Love Stories(1)

FROM WHERE HE IS SEATED, at the rooftop of Petley’s Inn, the low, cold breeze ruffles his long, straight blond hair and flushes his puffy cheeks. Down below, on the small concrete pavement at the seafront, hurried pattering footsteps of men running to the mosque to answer the call of the muezzin to prayers. Only three days here and he is able to know, without glancing at the Apple Watch on his wrist, that the incessant prolonged braying of the donkeys tell what time it is. He is able too, by twitching his aquiline nose towards where the wind blows, to distinguish the smells of the mahamri, vitumbua, mandazi and the other delicacies fried by the Swahili women when dusk leaps upon the island. The wind blows again—colder this time—and he hears the ocean whisper a soulful melancholic tune, interspersed with the roaring of the speedboats as they split the waters to ferry passengers to and from Manda Island or Shela Island.

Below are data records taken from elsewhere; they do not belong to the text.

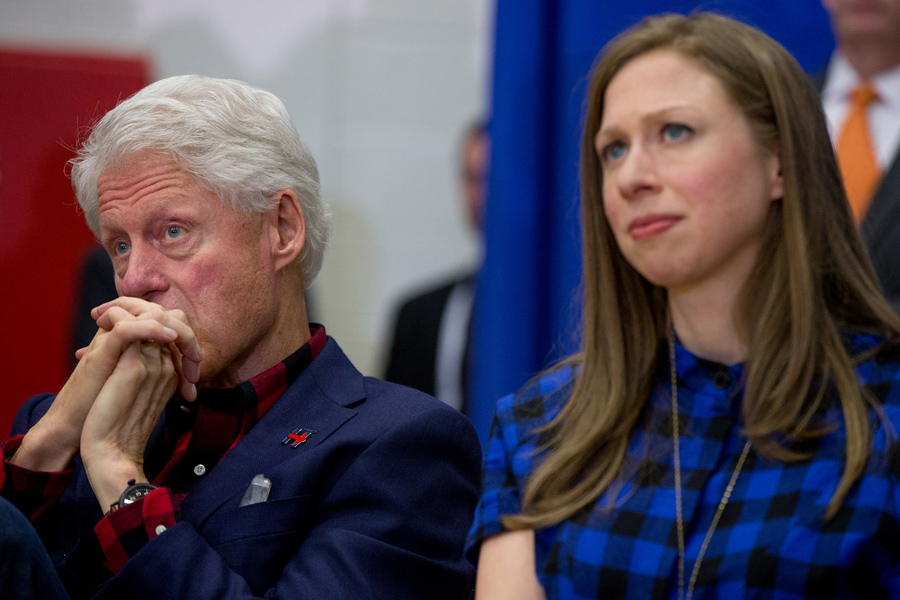 Read moreFormer President Bill Clinton and his daughter Chelsea Clinton listen as Democratic presidential candidate Hillary Clinton speaks at a rally at Washington High School in Cedar Rapids, Iowa, on January 30, 2016. #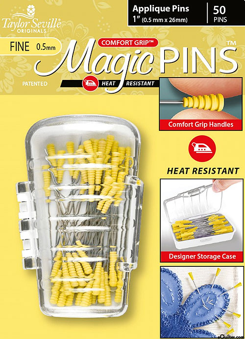 These magic pins have a comfort grip handle, are heat resistant and come in their own designer case. Shorter and thinner than the regular Magic Pins, applique pins are a convenient way to tack down smaller pieces. 'Magic Pins' by Taylor Seville. Includes 50, Fine (0.5mm x 26mm) 1" applique pins with comfort grip handles.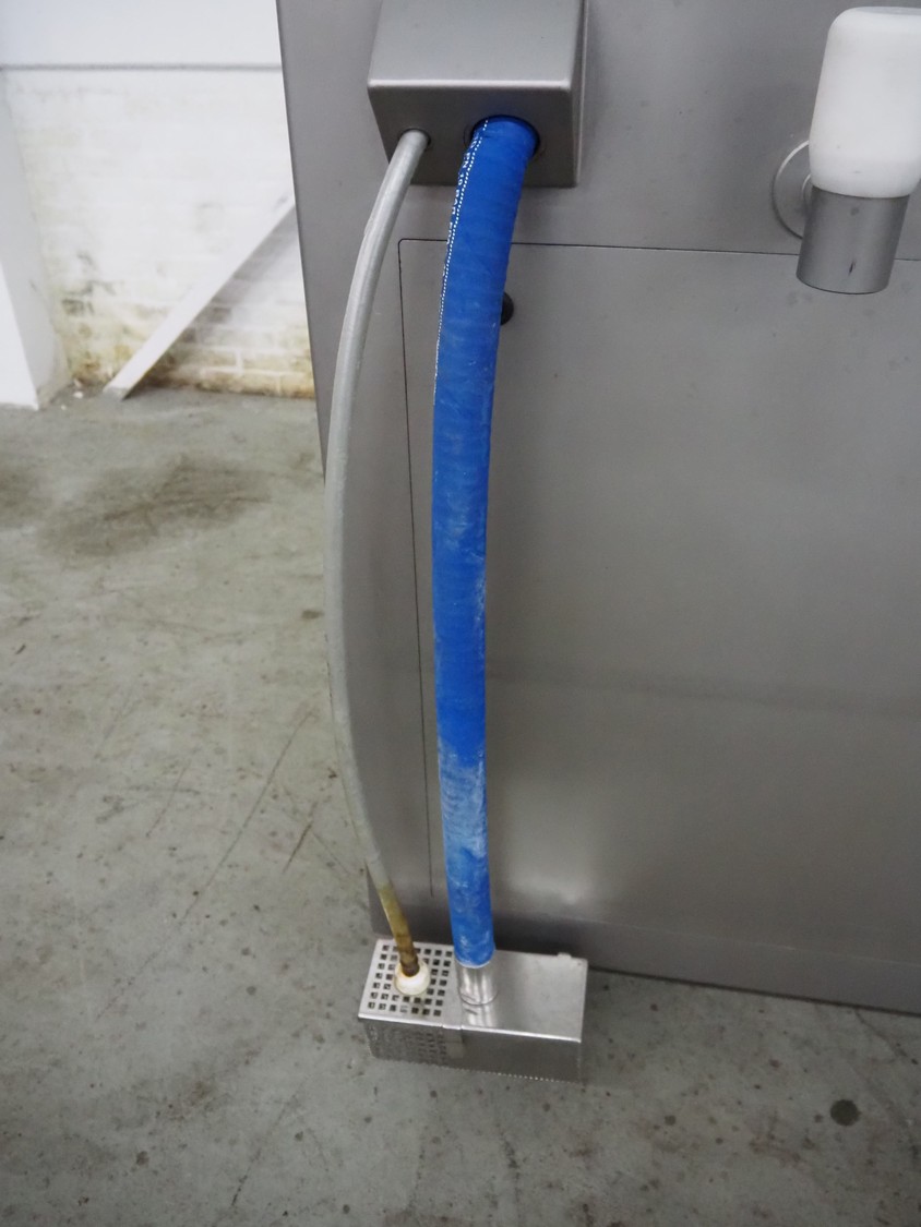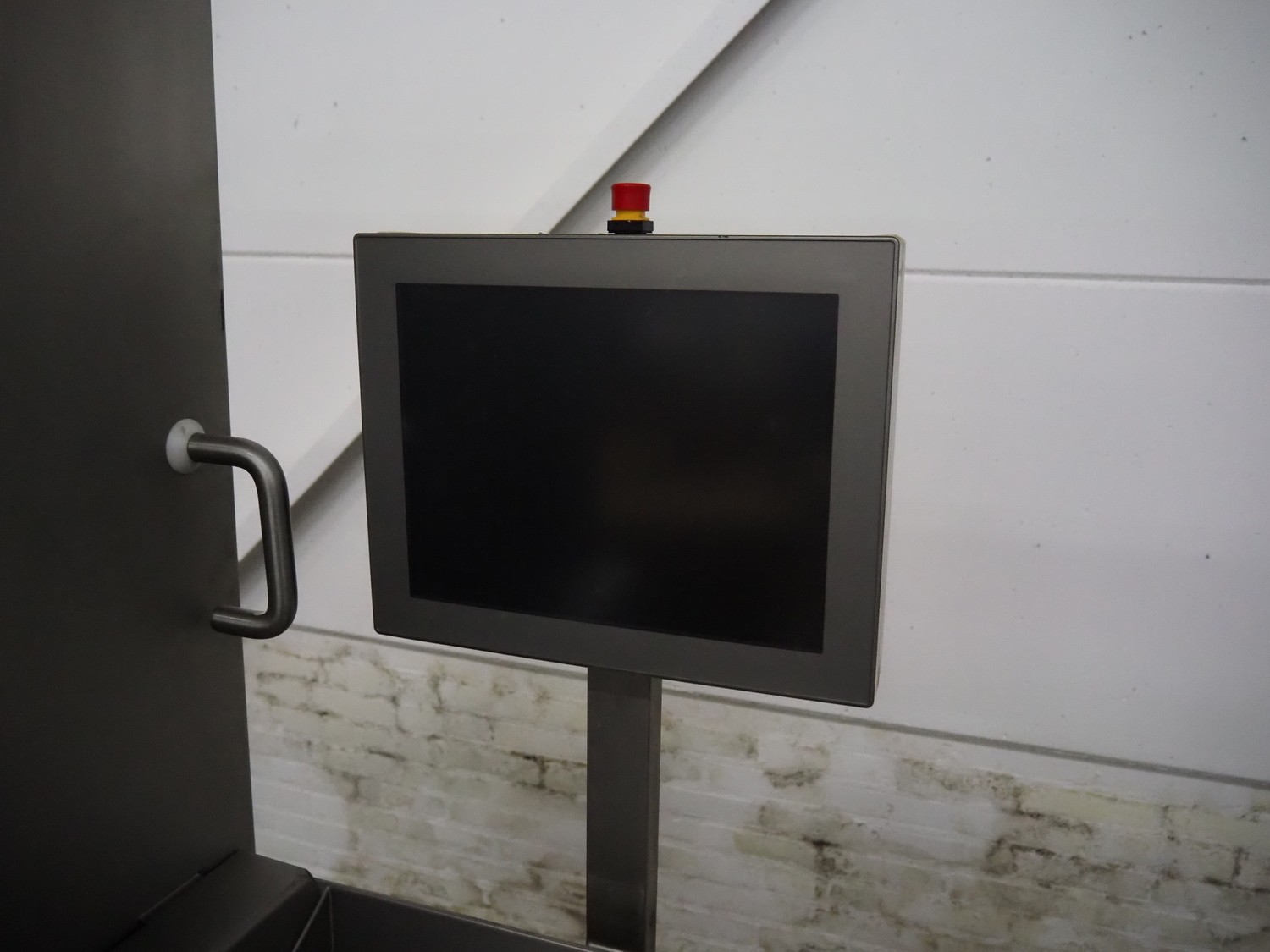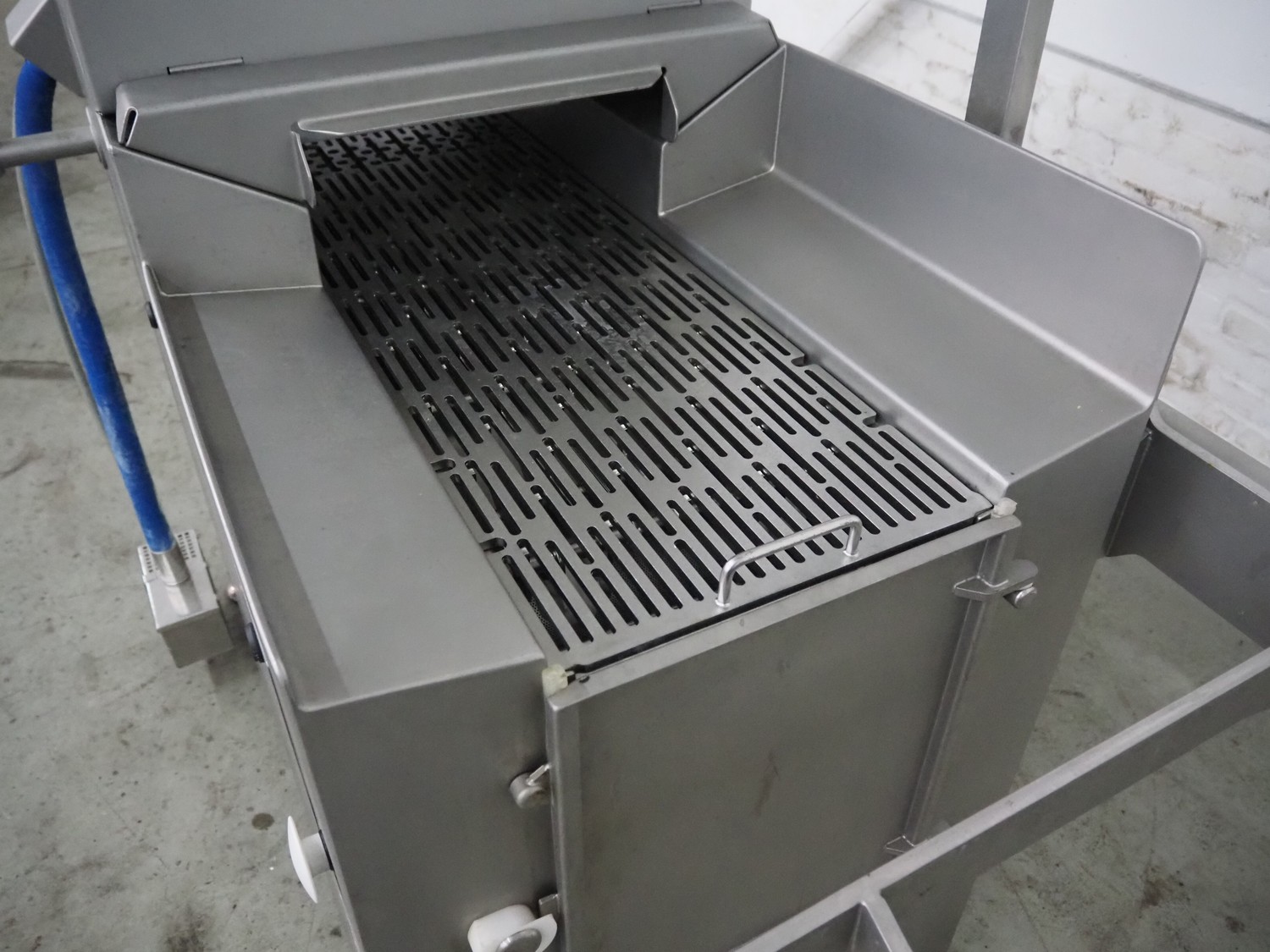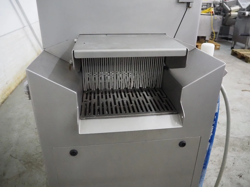 Rühle injector with lifter for E2 crates, type: IR 56, number: 0586, year of construction: 2014, 400 V, 3 Ph, 50 Hz, 7.5 kW, 16 A, 56 needles, s/s walking beam, width: 350 mm, clearance: 350 mm x 170 mm, total dimensions: 1800 mm x 1000 mm x 2050 mm.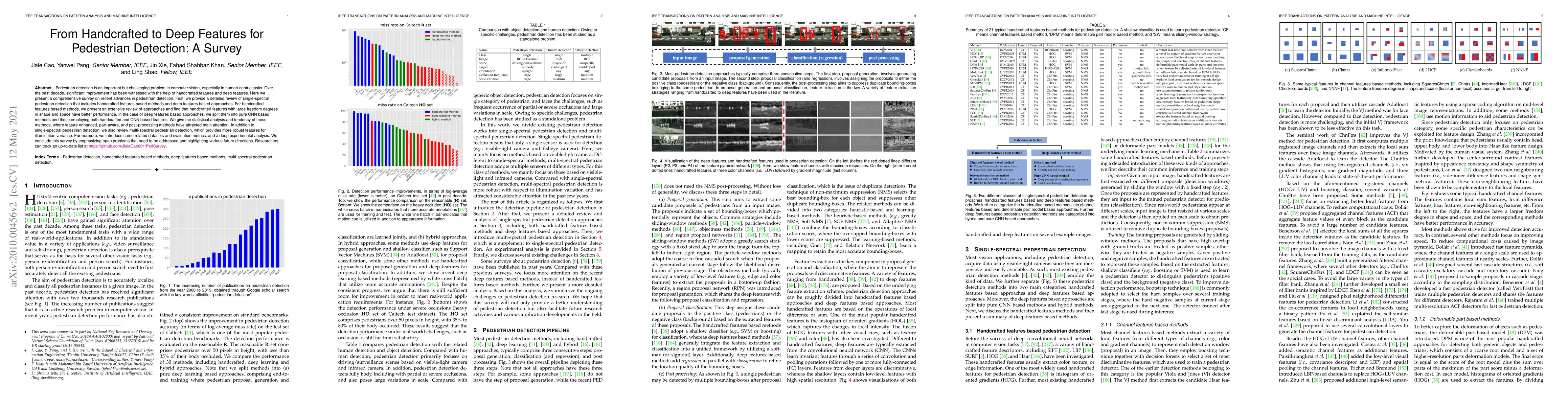 This survey reviews advancements in pedestrian detection, comparing handcrafted feature-based methods with deep learning approaches, including CNN-based and hybrid methods. It highlights the strengths of deep features and discusses open challenges and future research directions.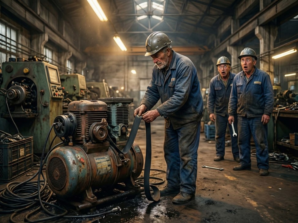 » 🔧 Инженерные истории и байки “из компрессорной” “Жигульный” ремень спас производство В одном из цехов на периферии случился коллапс: у старого поршневого компрессора лопнул ремень, а запасного — нет. Завод простаивает, начальник в панике, а местный инженер-ветеран, Иваныч, молча достаёт… старый автомобильный ремень от «Жигулей», подкладывает деревянную прокладку под шкив и стягивает всё хомутами. Через 20 минут компрессор заурчал, как довольный кот. Работали так неделю — пока не пришли новые детали. «Главное — чтобы крутилось и не стреляло», — сказал Иваныч, закуривая за вентиляцией. 💡 Мораль: Инженер — не тот, кто читает инструкции, а тот, кто пишет их задним числом. #инженерныебайки #компрессорнаяжизнь #колхозныйремонт #промышленныйфольклор #какбылораньше #ремонтнавырост #инженерныйюмор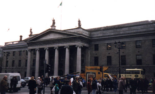 ![]() dublin post office, one of the few surviving buildings on o'connell street from the 1916 rising. if you get close enough, bullet holes are still found in the pillars. |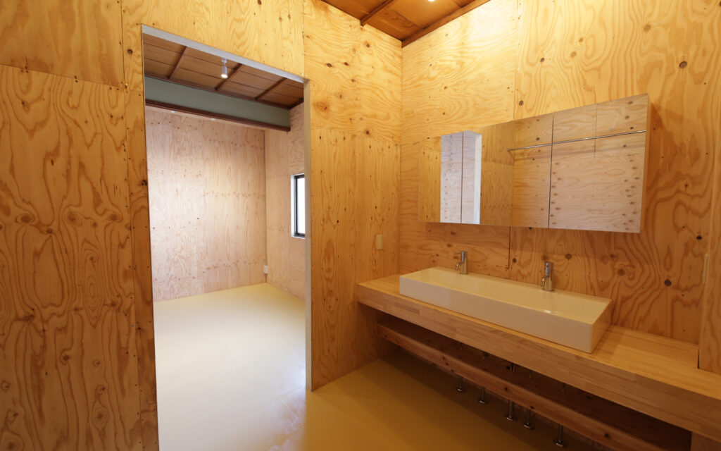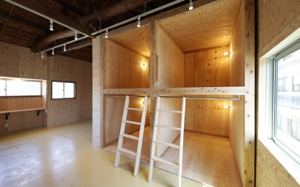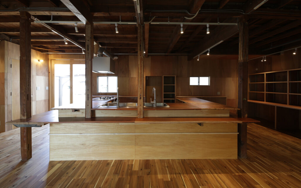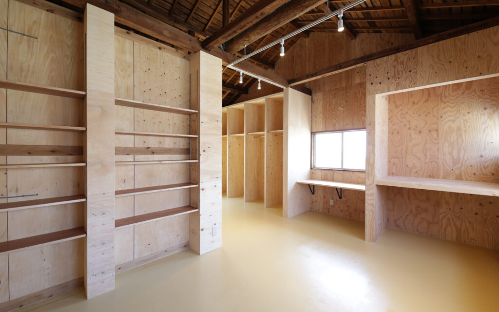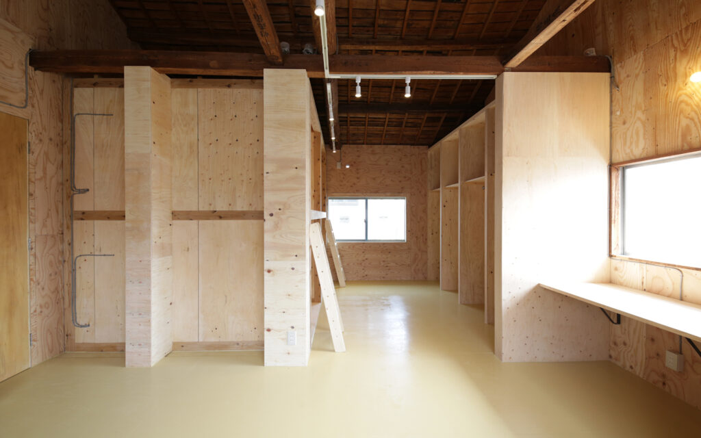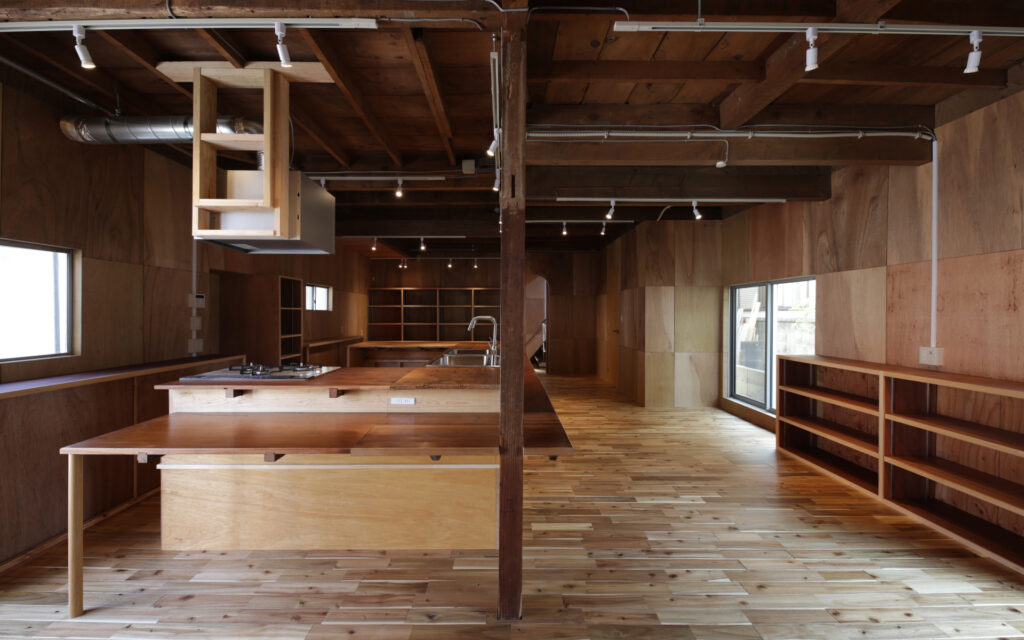 1階のキッチンを核としたフロアをフリースペースとして計画し、用途を限定しないことであらゆる人が自然に立ち寄れる場を設計した。開かれた空間が人と人を引き合わせ、地域に潜む課題を可視化する、その気づきのプロセスそのものを、建築的な仕掛けとして組み込んでいる。医療・福祉への橋渡しや個人の力を引き出す伴走支援など、きめ細やかな関わりを可能にするのも、この「開いた場」があってこそである。「どなたでも食堂」や高齢者受け入れ、トイライブラリーなど、オーナー自身がこの地で積み重ねてきた活動の経験と地域との信頼関係が、空間の設計思想の根幹を支えている。公助に依存するのではなく、それぞれが持つ力を持ち寄り、支え合える地域の仕組みをつくること。その理念を空間に宿し、塩屋から始まるこの場が、やがて近隣地域へと豊かな波紋を広げていくことを設計の目標とした。

“Oh fuck!” He finds himself jumping from his seat and as a result, spills his glass of Tusker on the table. The glass, now empty, rolls off the table and shatters into a hundred or more tiny pieces. His lips tremble as he fumbles an apology to no one in particular. He does feel stupid. A single text message from her and he is wreaking havoc. He leaves a crisp thousand shillings note on the table, hoping it makes up for the trouble, then leaps out of the bar, down the steep staircase, and disappears into the dimly lit alleyways.
Until two days ago, he did not know she existed. And, however much he tries to conjure the memory of meeting her, nothing but a haziness in his mind, seems to provoke remembrance. He has tried, without much success, to retrace his steps on this small piece of rock with ancient buildings sprouting from everywhere and the endless corridors that leads you everywhere but nowhere, just so he is able to remember where he met her. It’s not at the town square. Neither is it at the Museum. Nor at the donkey sanctuary. Where then?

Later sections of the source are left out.